Los argumentos empleados para dar este importante paso son una parte importante del problema. Orban utiliza una retórica abiertamente belicista que va mucho más allá del lenguaje utilizado por otros países como España. Así plantea la necesidad de adoptar medidas excepcionales “que vayan más allá de las normales en tiempos de paz”, con el fin de “proteger a los ciudadanos más vulnerables y mitigar el impacto económico”. Para ello argumenta que el Gobierno debe disponer de las “herramientas necesarias para organizar la autodefensa del país” y “combatir” el contagio. Utiliza un discurso social para justificar el recorte de derechos de manera indefinida, además de vincular la pandemia con la migración irregular, el tradicional caballo de batalla del líder húngaro.

Ninguno de estos se ajusta, en absoluto, con la normativa nacional, europea e internacional en este ámbito. Son requisitos esenciales asociados a este tipo de medidas la proporcionalidad y la temporalidad de estas, ambas brillan por su ausencia en el decreto húngaro. En cuanto a las medidas asociadas a este estado de excepción se incluyen la posibilidad de gobernar mediante decretos sin la participación del Parlamento durante un periodo de tiempo indeterminado, así como condenar a penas de prisión que pueden alcanzar los cinco años para aquellos que lancen noticias falsas sobre la crisis del COVID19 en Hungría.

Varias han sido las voces procedentes desde Bruselas que se han pronunciado sobre este tema, aunque no todas ellas coinciden. El portavoz comunitario de Justicia, Christian Wigand, manifestó que la posición de la Comisión Europea en relación con estos casos y que se considera que “la democracia no puede funcionar sin medios libres e independientes”, en clara alusión al potencial recorte que podría hacerse patente en Hungría durante los próximos meses. El decreto de excepcionalidad húngaro no recoge ni la proporcionalidad ni la temporalidad de las medidas, algo que explícitamente marca el derecho internacional, el comunitario y la legislación nacional.

La respuesta por parte del Jefe de Gabinete de Orbán no pudo ser más simple “estas medidas pueden ser revocadas por el Parlamento en cualquier momento”. En esta misma dirección se manifestó el Comisario de Ampliación, Oliver Varhelyi, que pidió a sus colegas en Bruselas que dejasen trabajar al Gobierno húngaro para poder controlar la crisis sanitaria. El lenguaje retador de Orban continua con afirmaciones sobre la UE como “si no pueden ayudar porque no pueden, al menos que no obstaculicen a los húngaros en su defensa.

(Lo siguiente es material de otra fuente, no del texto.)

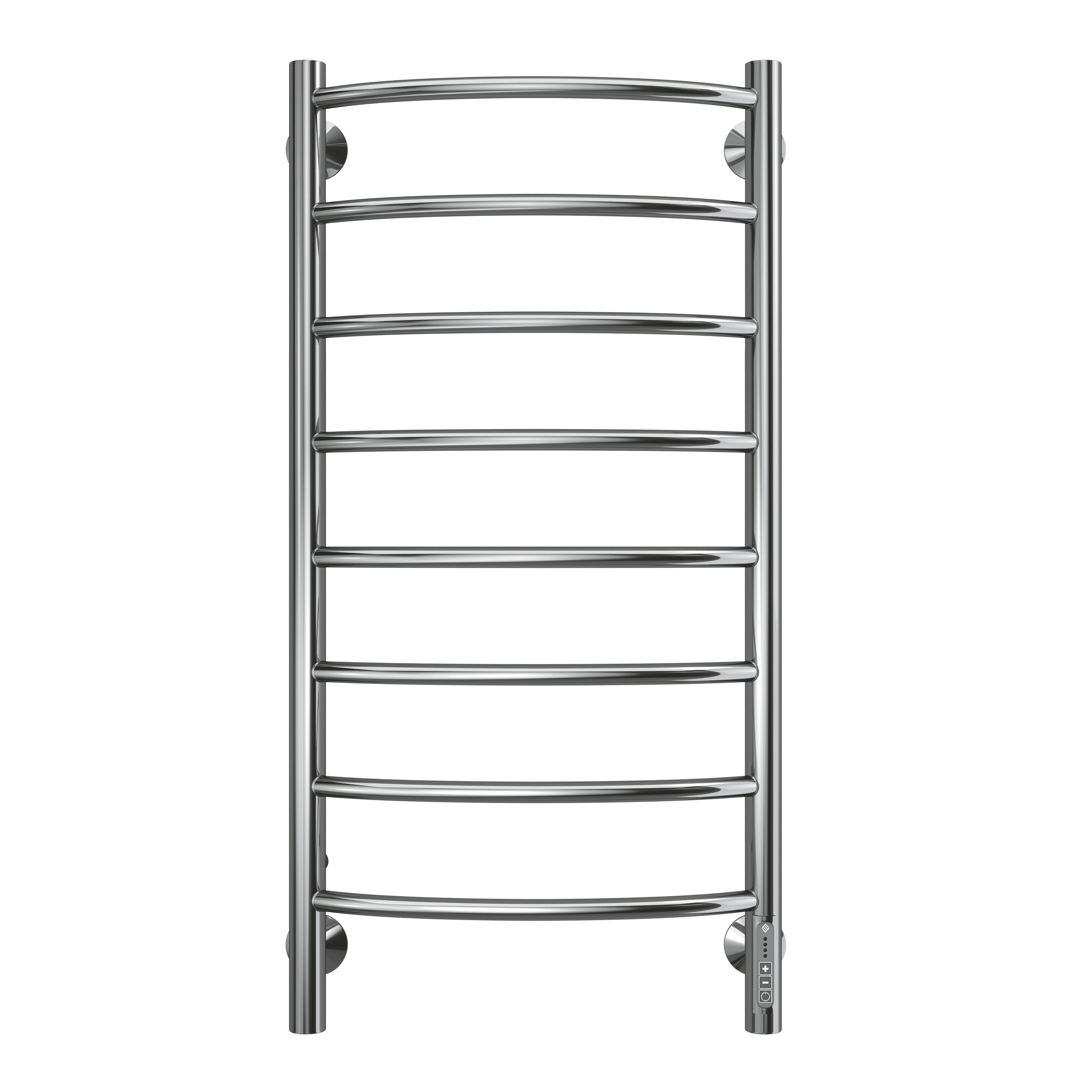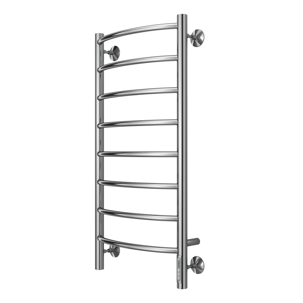 Полотенцесушители серии Классик обладают классической формой лестница с горизонтальными полками выгнутыми под небольшим радиусом вперед. На выступающих полках значительно проще размещать полотенца для их просушивания. Полотенцесушитель выполнен из нержавеющей стали марки AISI 304L. Поверхность обработана с помощью плазменной полировки. Особенности электрического полотенцесушителя: Разница прогрева ребра от центра до края соприкосновения со стойкой может достигать 3-5°С. При включении изделия сразу на самый последний (максимальный) режим, полотенцесушитель нагреется до 55 (+5°С) через 20-30 минут в зависимости от размера изделия. Нагрев изделия в первом (минимальном) положении происходит примерно через 15 минут и составляет 40°С (+3-5°С). Каждое следующее положение переключателя увеличивает температуру изделия на 5-7°С. Нагрев и остывание изделия между переключениями (1-2-3) происходит в течение 5-10 минут между каждым положением, так как металл имеет инерцию. Остывание изделия от максимального до минимального положения занимает от 20 до 25 минут. Максимальная температура изделия составляет 55°С (+5°С)Не рекомендуется постоянно использовать изделие в максимальном режиме, так как температура 65°С может привести к ожогу при соприкосновении с изделием. В связи с этим ограничьте доступ детей к работающему на максимальной мощности полотенцесушителю. Используйте максимальный режим только для кратковременной и быстрой просушки мокрых изделий, так как электрический полотенцесушитель не является обогревательным прибором. Работа изделия на максимальном режиме уменьшает срок службы. Технические характеристики: Тип: электрический, без теплоносителя. Тип подключения: вилка или скрытое подключение. Размер (ширина х высота): 432 х 850 мм. Количество перекладин: 8, равноудаленных Основная труба: круглая диаметром 32 мм. Дополнительная труба перекладин: круглая 18 мм. Напряжение: 220 В. Температура нагрева: от 40 до 55 градусов . Индикация: Светодиодный индикатор питания от сети. Время нагрева: 15 минут. Страна: Россия. Производитель: Terminus. Фирменная гарантия: 5 лет. Комплект поставки: Полотенцесушитель электрический – 1 шт. Телескопическое крепление к стене: х 4 шт. Для моделей типа «Лесенка» модуль скрытого подключения со съемной кабель-вилкой - 1шт. Паспорт - 1 шт. Упаковка - 1 шт. В нашем интернет-магазине можно купить электрический полотенцесушитель для ванной в форме лестницы Классик на 8 полок производства Terminus (Терминус), Россия, с доставкой курьером в г. Екатеринбург, либо транспортной компанией по всей территории РФ. При заказе от 5000,00 рублей доставка по городу Екатеринбургу бесплатно.

Queremos una Europa fuerte, pero esta alianza tiene sus debilidades, lo que también está siendo evidente durante la epidemia”. O haciendo hincapié donde más daño hace “recibimos ayuda de China y de Turquía. Esta es la situación. A pesar de todo seguimos siendo miembros de la UE. Este es nuestro lugar, pero hay que ser conscientes de que no es de ahí de donde procede la ayuda”. A pesar del tono, no parece que nadie vaya a atreverse a censurar su lenguaje ni sus medidas. Ningún Estado ni institución va a osar entrometerse en sus asuntos internos. Si no lo hicieron con contundencia en tiempos más calmos, ahora mucho menos.

La deriva autoritaria a la que el líder conservador está llevando a su país es por todos conocida desde hace tiempo. De hecho, el informe "Autocratization Surges-Resistance Grows" sitúa a Hungría como el primer Estado miembro de la UE que es no democrático, lo cataloga como autoritarismo electoral y el caso reciente más extremo de autocratización. Sin embargo, ni su grupo parlamentario ha sido capaz de sancionarle de manera ejemplarizante o incluso expulsarle del mismo. Tampoco el resto de líderes europeos ni, por supuesto, la Comisión, han sido capaces de atajar una quiebra estructural del estado de derecho y de la democracia en un país miembro. Ante estas razones, sobran las palabras. Esta crisis está ofreciendo a Orban la oportunidad que siempre deseó, la libertad absoluta para hacer y deshacer a su antojo. La amenaza de una ruptura total con la democracia es prácticamente un hecho, y todo ante la parálisis con la que lo contemplan el resto de sus socios.